After Napster Deal, BMG Execs Depart
Music & MP3
11/6/2000; 11:10:01 AM

'Just days after German media giant Bertelsmann formed an alliance with Napster, BMG Entertainment's two top executives have announced that they're leaving....

'Bertelsmann CEO Thomas Middelhoff said the timing of the Napster deal and the BMG resignations was coincidental. However, Zelnick had been an outspoken critic of Napster as late as July, when at a conference in Los Angeles, he compared Napster users to thieves.'

Spam Analogy
Humor/Amusing
11/5/2000; 8:11:32 PM User Friendly cartoon.

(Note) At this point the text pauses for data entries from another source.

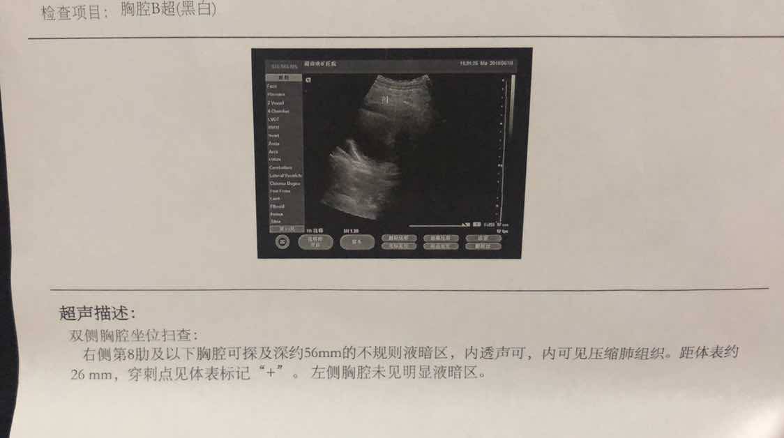 5/27日ct复查发现胸腔积液,b超查看定位有右侧52mm深液暗区,插引流管导出近600ml积液,5/29b超检查无积液后拔管。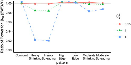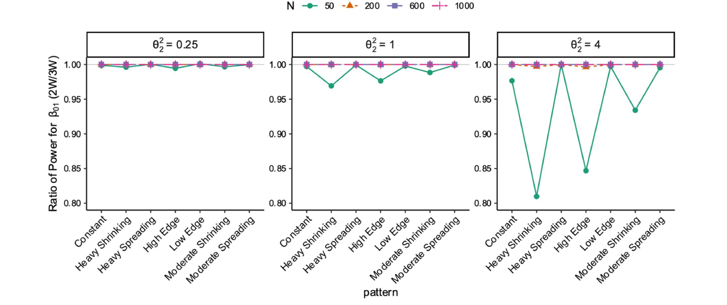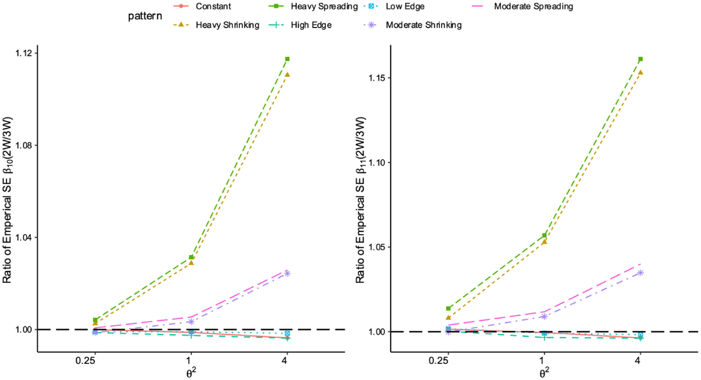 近日,英国365公司杜晨光博士,日本教授Kazuki Hori (一辉君) 和美国教授Yasuo Miyazaki( 宫崎君),联合在国际著名期刊Structural Equation Modeling: A Multidisciplinary Journal 发表了一项题目为“Two-Wave Models for Latent Changes: How Well Can They Recover the Parameters of the Three-Wave Growth Curve Model“的研究 。该研究通过数学推导和模拟试验的研究方法,考察了在不同条件下(包括样本量大小,固定截距和固定斜率,随机效应方差,时间特征残差大小,以及时间特征残差的变化方式),三波模型(3W-SOLGM)的固定效应可以从双波模型的参数估计中恢复的程度。结果表明: (1)当在线性增长的假设前提下,双波纵向共同因子模型(2W-LCFM)和双波潜变化得分模型(2W-LCSM)能够无偏地估计(No Bias)三波二阶潜增长模型(3W-SOLGM)的固定效应;(2)当时间特征残差(Time-specific residual variance)逐渐增大时,双波模型与三波模型经验标准误(Empirical Standard Error)的比例值在某些变化趋势下(Heavy Shrinking 和 Heavy Spreading)会逐渐变大(如下图所示),同时统计效能也会随之降低(最高损失可到达20%)。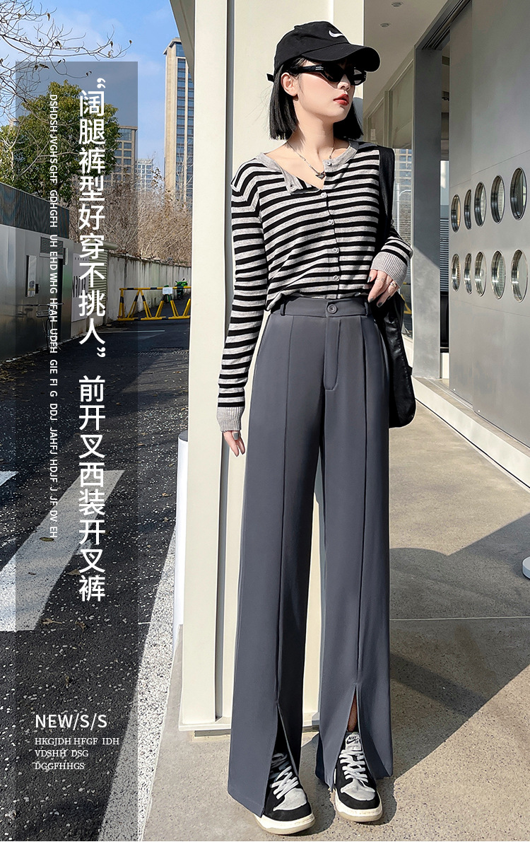 【网文面料】灰色开叉西装裤女裤子春季新款休闲裤女装阔腿裤女裤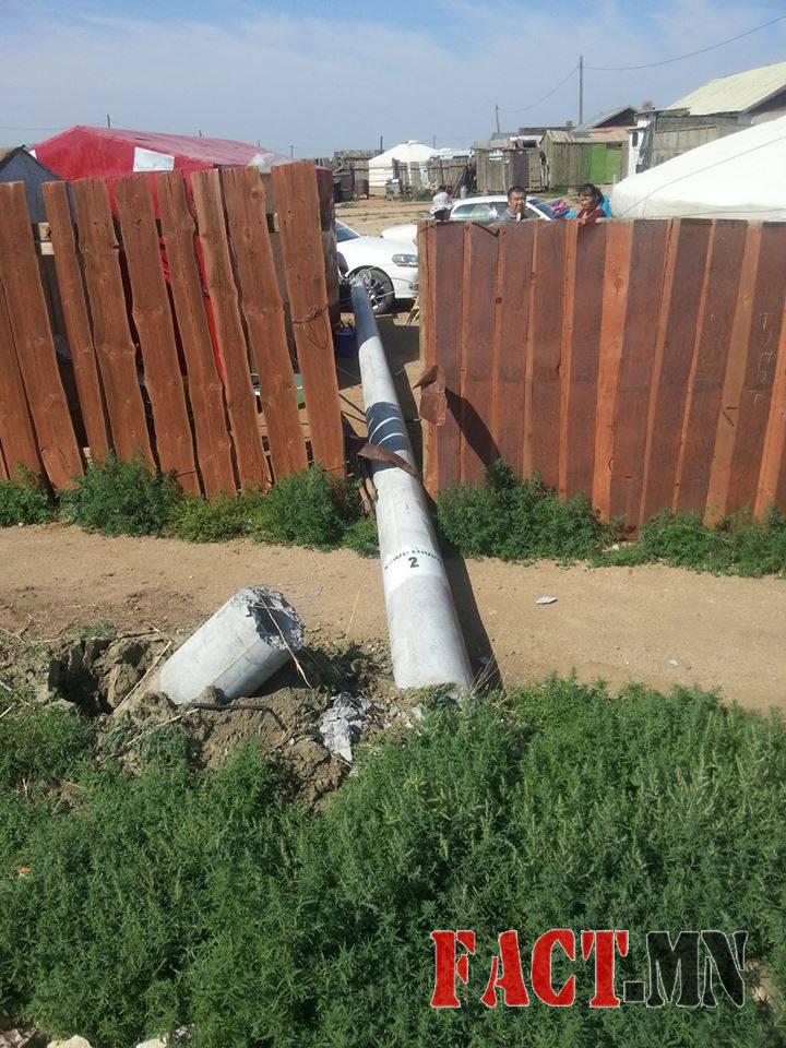 Ийм эмгэнэлтэй хэрэг гарчээ. Айлын хашааны гадна байрласан гэрэлийн шон хугарчээ. Хугарсан шонгийн мод айлын хашааг эвдэн айлын үүдэнд хөндлөн унасан байна. Азаар хүн гэмтээгүй байна. Уг шонг цементээр цутгаж хийсэн бөгөөд сүүлийн үед гэр хорооллын дундах гэрлийн шонг ингэж сольж байгаа аж. Гэвч энэ нь маш хэврэг болох нь харагдаж байна.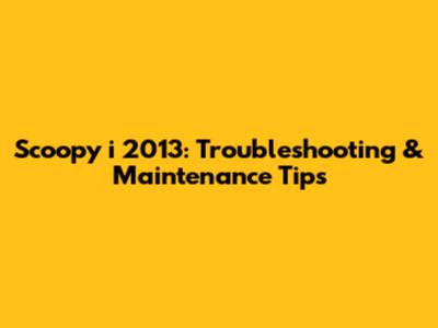 Scoopy I 2013: Troubleshooting & Maintenance Tips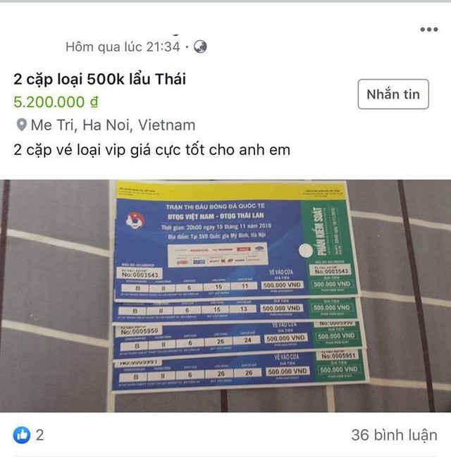Vé vào sân xem tuyển Việt Nam thi đấu do Liên đoàn Bóng đá Việt Nam quy định có 4 mệnh giá: 200.000 đồng, 300.000 đồng, 400.000 đồng và 500.000 đồng. Tuy nhiên, giá vé "chợ đen" đang bị dân phe đẩy lên mức cao. Trước cổng SVĐ Mỹ Đình thời điểm hiện tại, khi có người ngỏ ý muốn mua vé trận Việt Nam - Thái Lan ngày 19/11, phe vé lập tức ra giá cao hơn gấp nhiều lần, với lý do trận gặp Thái Lan được quan tâm nhiều hơn.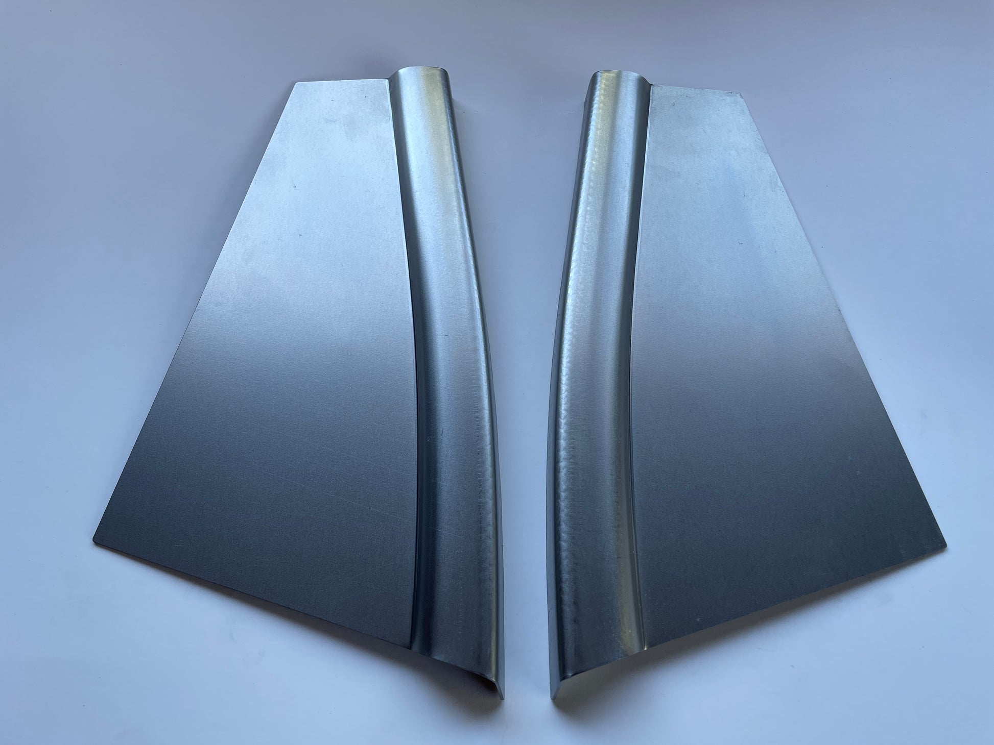 These weld-in patch panels repair damage to the lower beaded portion of the cowl on 35-37 Ford Pickups and truck cabs. The beads shape detail was taken from a good cab and is exactly like the original. Laser cut and formed from 18 gauge cold rolled steel. Sold in pairs.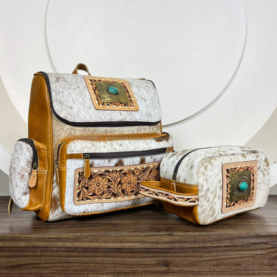 Product Name:Hand Tooled Leather Backpack with Toiletry Bag Set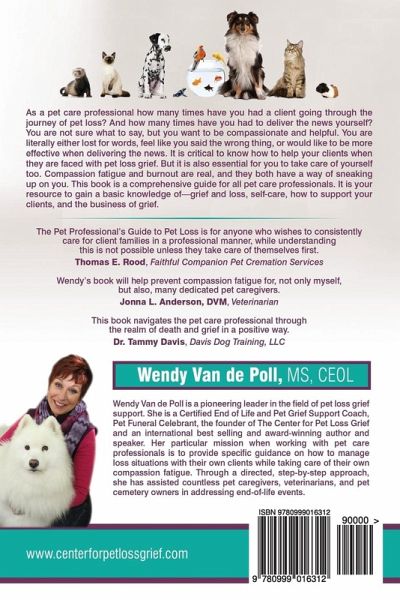 As a pet care professional how many times have you had a client that is going through the journey of pet loss? And how many times have you had to deliver the news yourself? You are not sure what to say, but you want to be compassionate and helpful. You are literally either lost for words, feel like you said the wrong thing, or would like to be more effective when delivering the news. It is critical to know how to help your clients when they are faced with pet loss grief. But it is also essential for you to take care of yourself too. Compassion fatigue and burnout are real, and they both have a way of sneaking up on you. This book is comprehensive guide for all pet care professionals. It is your resource to gain a basic knowledge of-grief and loss, self-care, how to support your clients, and the business of grief.
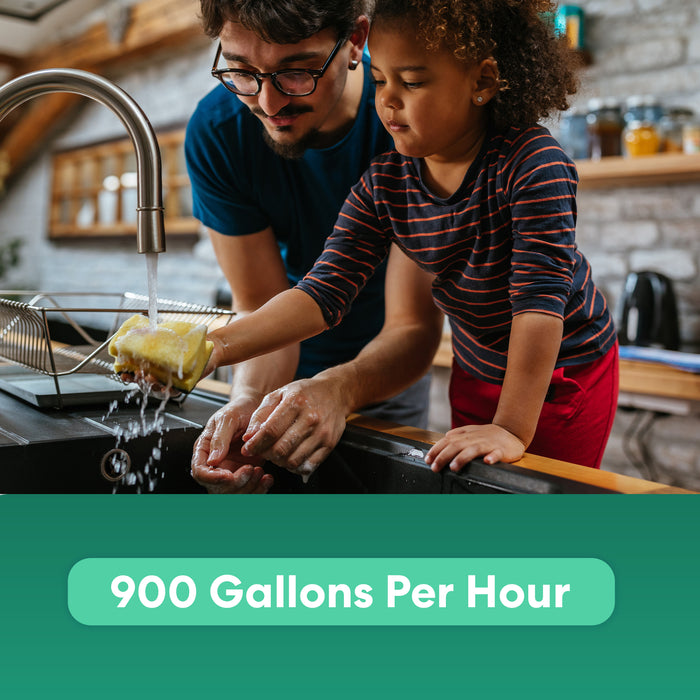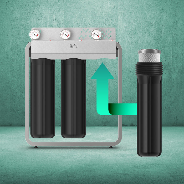 The efficient and reliable Brio 3-Stage Whole House Filtration System – Heavy Metals reduces harmful metals. Housed in a durable stainless steel frame that can sit on the floor or be wall-mounted, this comprehensive system features a sediment filter, GAC + KDF filter, and CTO filter to intercept heavy metals, including lead and mercury which can have a negative impact on your health. Plus, this system is installation ready with 1” connections to deliver water throughout your home without pressure loss.
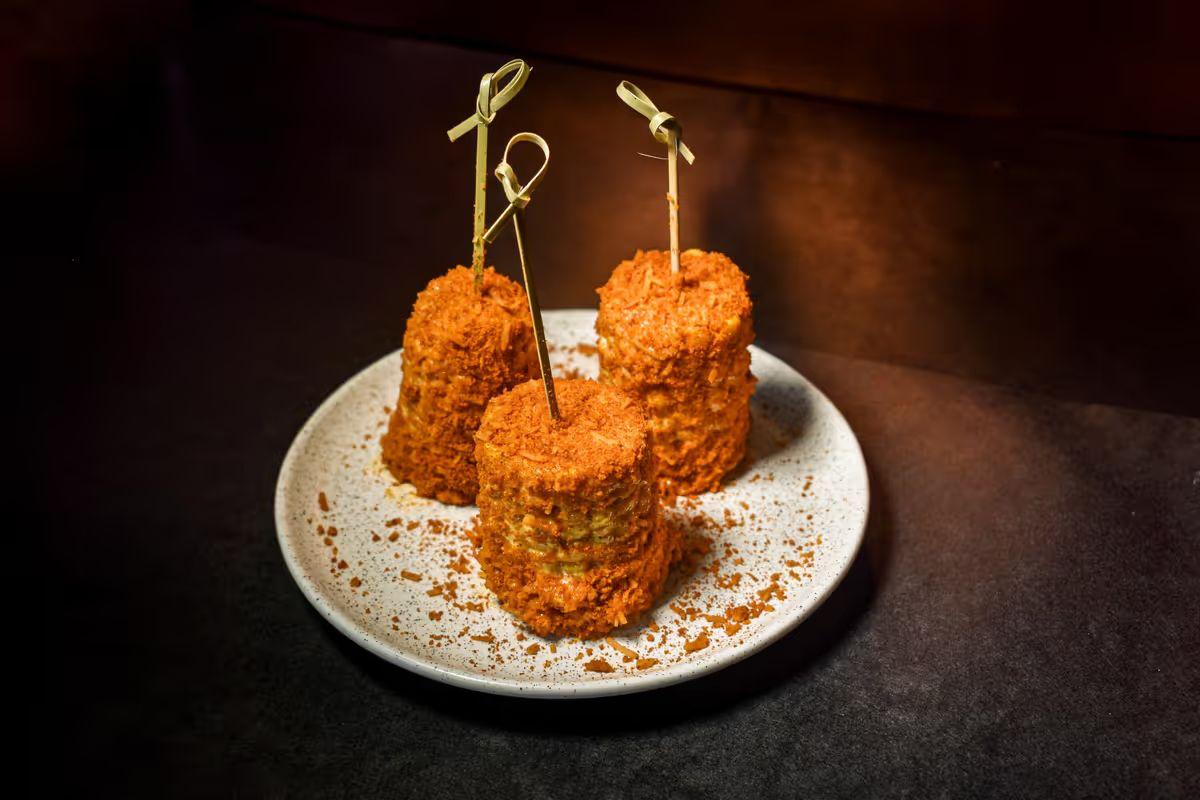 3 Mazorquitas dulces acompañadas con queso parmesano y salsa de la casa.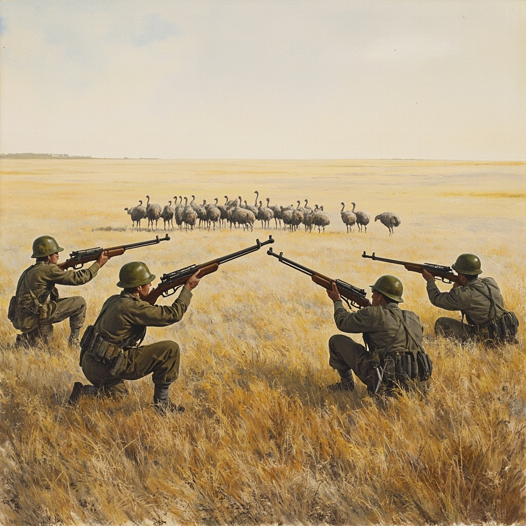 Even more frustrating for the soldiers, the emus seemed to develop countermeasures. They would post sentries while feeding, and at the first sign of military vehicles, the entire flock would disperse in different directions. Some reports described the birds as having an almost military-like organization in their retreat patterns.
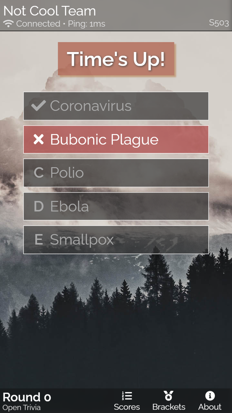 Think of it like Socrative, except less test-like and more flexible. Open Trivia is an all-in-one trivia server that handles a client interface, a host interface, and a slideshow interface (intended to be projected/presented). It supports the following:
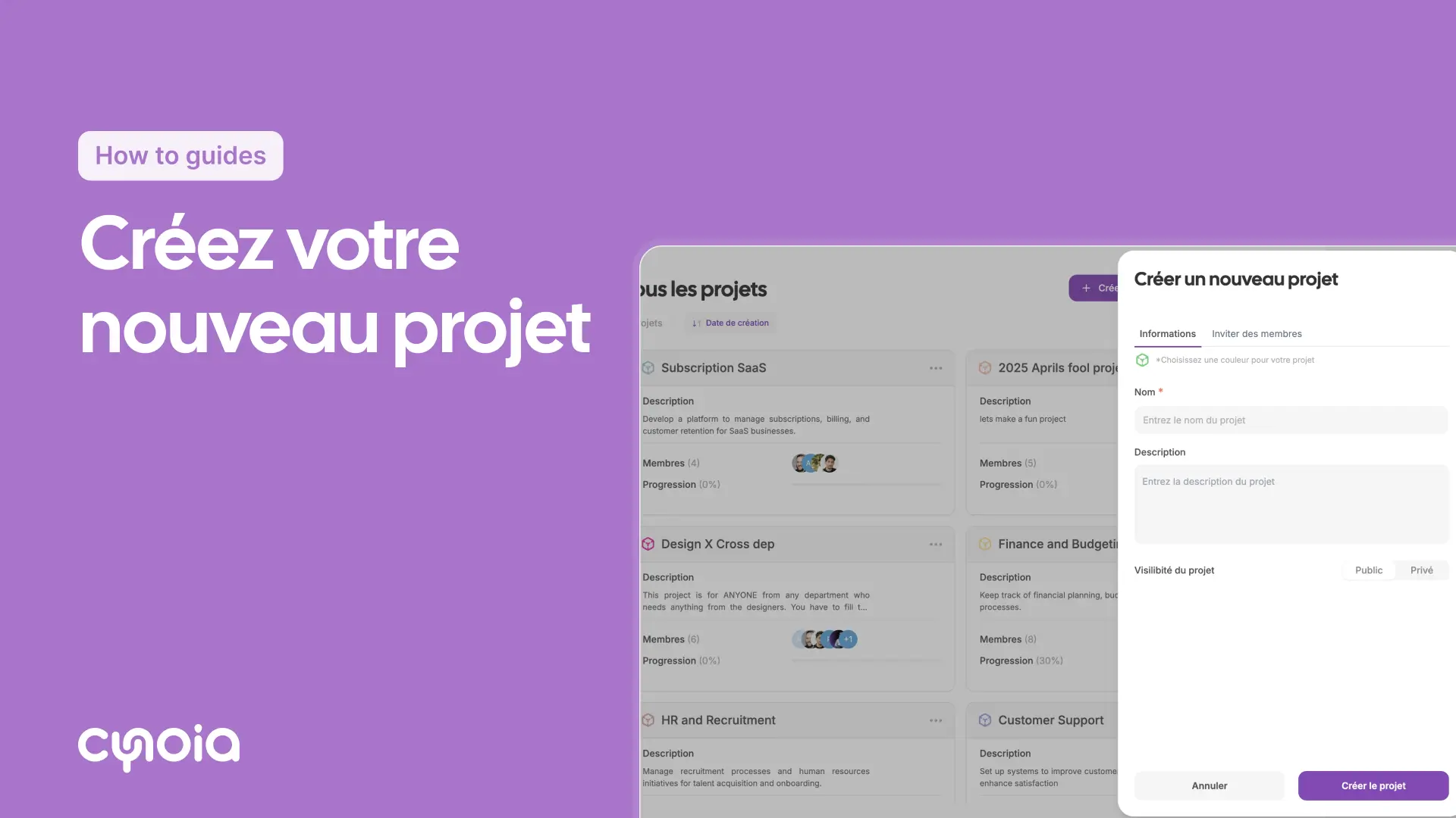La création d’un nouveau projet sur Cynoia permet d’organiser des tâches, de collaborer avec les membres et de gérer les flux de travail efficacement.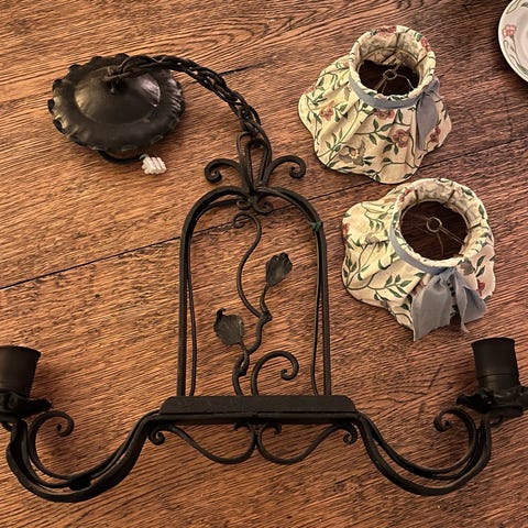 Stålampe 170cm høy, har fire hakk som du kan stille høyden ned på. Liten jerngryte ble brukt til askebeget når røyking var vanlig inne.
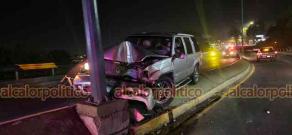 La noche de este viernes en el puente Macuiltépetl con dirección hacia Banderilla, un conductor presuntamente ebrio chocó con su camioneta contra una lumninaria.

VoteAuction.com Deregistered From DNS Servers Political Speech11/4/2000; 6:36:29 PM VoteAuction.com has been de-registered from DNS servers; that link should not work. To visit the site, you can use the IP address: http://62.116.31.68/index00.htm (this bypasses a splash-screen). Of particular interest is their legal documents section.From what I can gather from the web-law list at egroups.com, which one of the "makers" of voteauction.com mailed (his word, not mine), a Missouri Attorney-General or court ordered, via e-mail, a Switzerland "meta-registry" (corenic.org) to de-register the domain. (CORE is also apparently a defendent in the civil action in Missouri.) A Missouri restraining order taking effect on a Swiss entity. Isn't the Internet fun?According to the source on the list, voteauction.com is threatening to sue CORE if they don't re-instate the entry. Wierd stuff, man.The message is here but you have to be a member to read it.

LinkBack Back Up (I Hope)
LinkBack
11/2/2000; 5:53:49 PM

LinkBack is functional again, after the computer has undergone extensive repairs. One 'returning' user, after dropping his class site, is Duncan's Jotter. We also have a new user, YooZoo. Thanks for (re-)joining. Also, array has changed to dangerousmeta.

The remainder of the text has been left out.